Errors and retries
Errors happen — connectors time out, HTTP calls return 500s, JSON parsing throws. This page covers what the platform records, what it retries on its own, and what’s available to you inside run().
What gets recorded when a step throws
For every step.do callback that throws:
- The step is marked failed in the run timeline, with its error message and stack.
- A line is appended to the run’s event log at level
error. - If the error propagates out of
run()(i.e. you don’t catch it), the run itself is marked failed and the error message becomes part of the run’s output.
You don’t need to log the error explicitly — the platform captures it from the throw.
Automatic retries
The platform retries transient step failures automatically before giving up. Retries happen at the step level: a step that already succeeded is never re-run on retry, only the failed (and not-yet-attempted) steps are.

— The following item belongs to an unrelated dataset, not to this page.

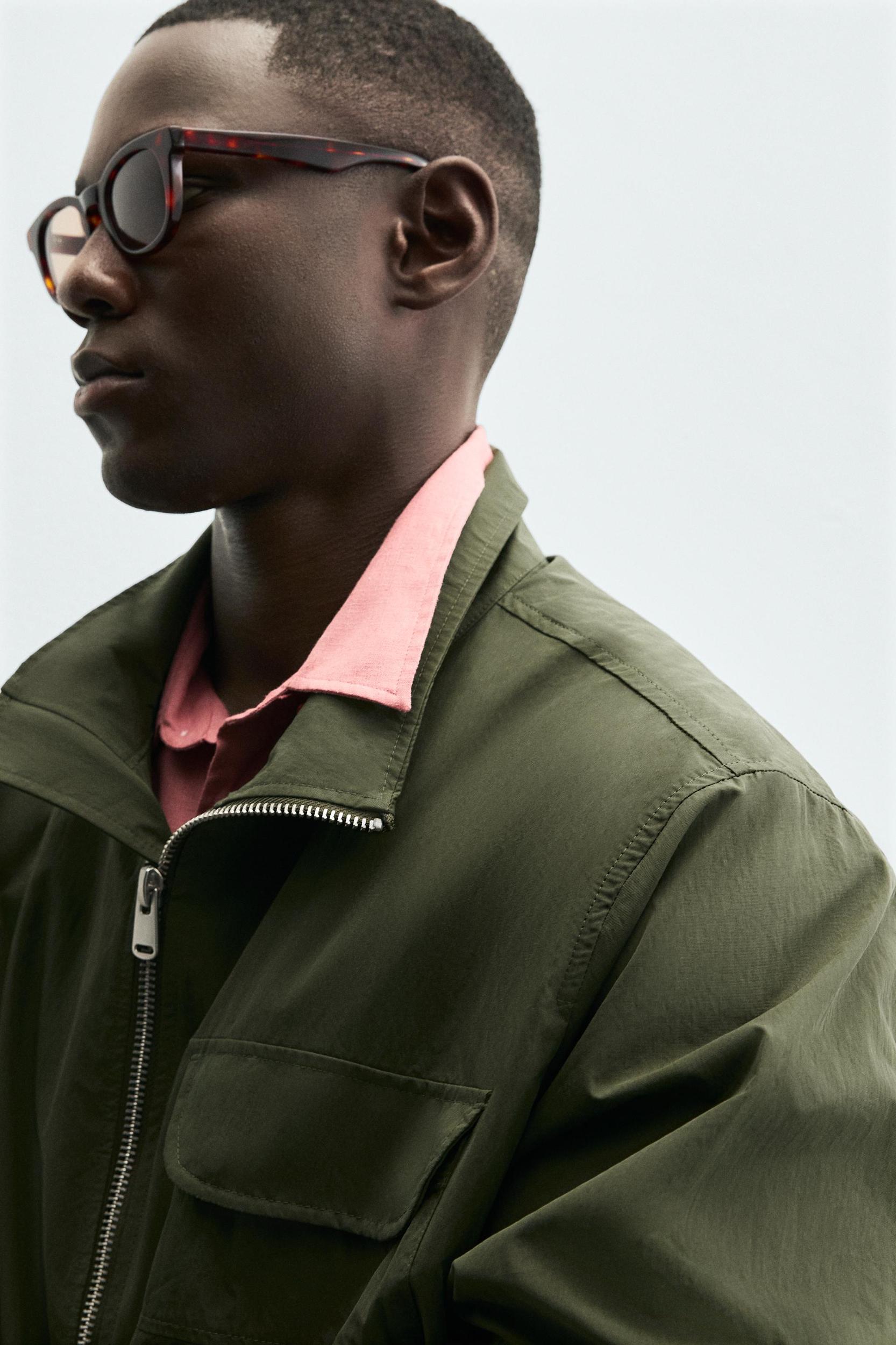Regular fit parka made in lightweight technical fabric. High collar and long sleeves finished in adjustable cuffs. Front patch pockets with flaps. Front button closure.

A few consequences worth knowing:
- Side effects must tolerate repetition. A step that posts to an external API might post twice across a retry. If the receiving system can’t deduplicate, include an idempotency key (e.g. the
runId) in the request so duplicate calls collapse on the server side. try/catchopts out of platform retry. Catching an error tells the platform “I’ve handled this” — the step is recorded as failed but the run continues. If you’d rather let the platform retry, don’t catch.
Tuning retry counts and backoff per step isn’t exposed today; you get the platform defaults.
Handle a failure and keep going
To recover from a step failure inside the loop, wrap the step in try/catch:
let scan;
try {
await step.do("Generate a health scan", async ({ ctx }) => {
await ctx.FACIAL_SCAN.create({ expiresIn: 3600 });
});
scan = await step.waitForScan({ timeout: "30 minutes" });
} catch (error) {
console.error("scan failed, falling back to manual review", error);
scan = { status: "fallback" };
}
// Loop continues with `scan` setWhat this produces:
- The step is still recorded as failed in the timeline (the failure happened — the timeline doesn’t lie).
- The run itself does not fail; you absorbed the error.
- The fallback path inside
catchruns normally and counts toward the rest of the timeline.
Fail a run on purpose
To deliberately fail a run — for example, on an unrecoverable input validation error — throw from run():
async run(event: HealthEvent, step: HealthStep) {
if (!event.body?.patientId) {
throw new Error("patientId is required");
}
// …
}The error’s message and stack are captured against the run and the run’s status becomes failed.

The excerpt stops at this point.